As many treated nGD patients get older and too many untreated nGD patients lose their battle with Gaucher disease, the need for a cure has never been more critical. We live in a world where we now have four drugs for Gaucher disease, however none of them cross the blood brain barrier and the neurological aspects of the disease continues to burden these patients and their families lives, often taken too soon from this world. For those whom treatment has given them a life and a future, the disease continues to throw up many new challenges not seen before as these patients would have lost their lives many years ago, these include; seizures, mental health issues; challenges with education, employment, relationships and independence to name a few.
Sadly despite the increase in the number of drugs available for Gaucher Disease, the access for patients who live in countries without reimbursement has reached a critical point.
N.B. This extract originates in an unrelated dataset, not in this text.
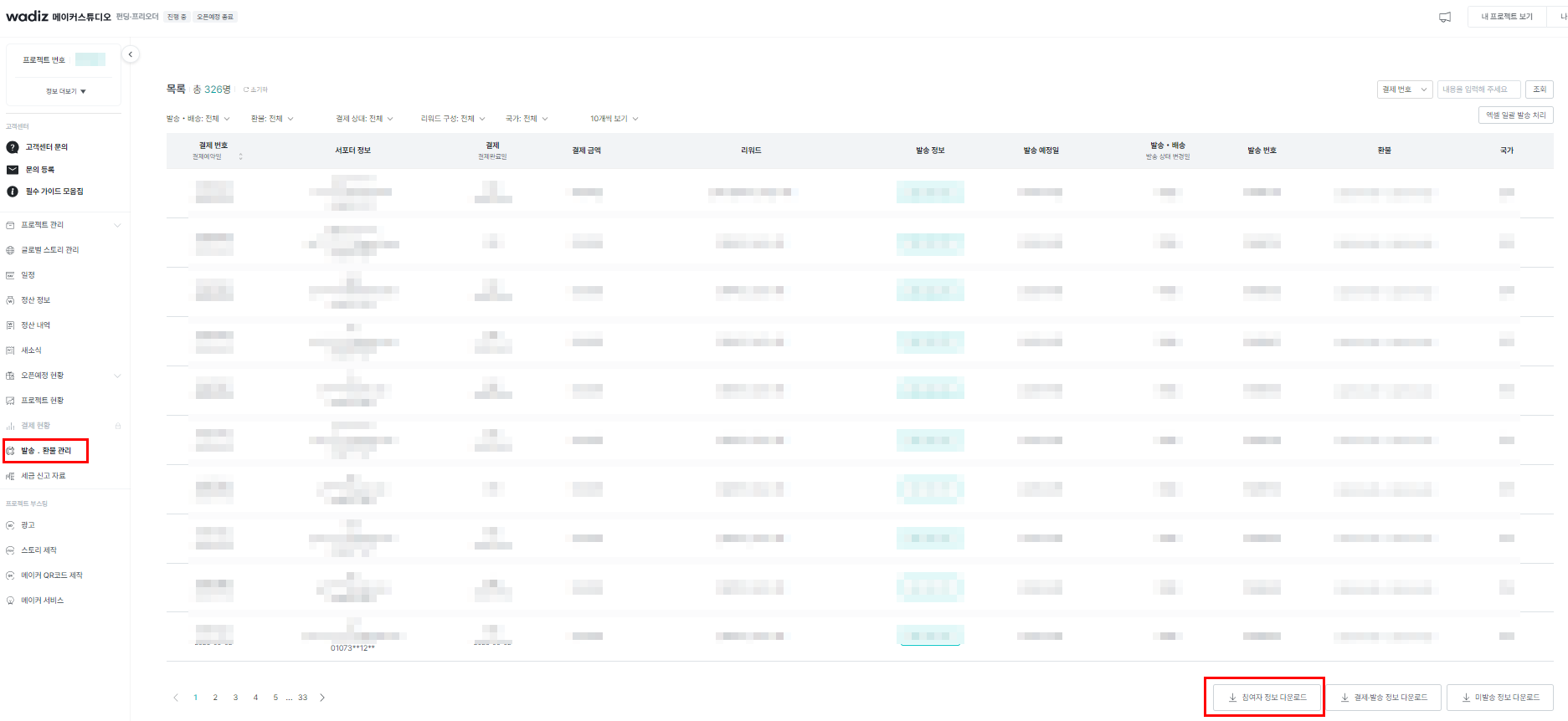 通知申込者情報はメーカースタジオ → [発送.返金ポリシー] → [参加者情報ダウンロード]をクリックして確認できます。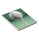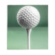 Une balle de golf blanche sur un tee blanc devant un arrière - plan vert.

The competition has diluted the market for the companies involved and they have had to limit the amount of charitable access they can contribute, therefore despite a huge amount of drug being produced patients are not being treated and doctors need support and guidance on how best to treat the ever growing number of patients who because of where they live in the world are not treated with ERT or SRT but who need to be supported clinically … sadly many of these are very young children who sadly pass away.
So I wear three hats; I am first and foremost Maddie’s mum; secondly I am the Chief Executive of the UK Gauchers Association and thirdly the Executive Director of the European Gaucher Alliance (representing 40 member countries). This means that I help make up Maddie’s treatment; I sit in clinic and hold her hand; I meet with NHS England to ensure access to good clinical care and treatment for patients in the UK; I meet regularly with patients and their families in their homes especially newly diagnosed patients or patients in crisis; I stand by the graveside to say goodbye to friends and see our group get smaller and smaller and I travel to India, Russia, Bulgaria, the Middle East, Ukraine, Macedonia to meet with clinicians and Government officials to advise on how to develop their infrastructure to support patients.
So, Gaucher is my life, embedded in my soul, every day I think about all the people that I have been fortunate to meet, the amazing families, the dedicated doctors, the far thinking pharmaceutical companies, colleagues who work tirelessly in other countries in Gaucher disease and other lysosomal storage disorders who have been a tremendous support to me.
I believe it’s good to smile, things are changing, patients are better supported, but sometimes it’s hard, sometimes behind the smile is sadness that so many people are still suffering. We wish there was a cure – there is not – but the foundation of research has been built and there are many dedicated researchers and clinicians in the US, Europe and globally who are working collaboratively to find a cure. This is new and ever growing over recent years – and this provides hope for the future.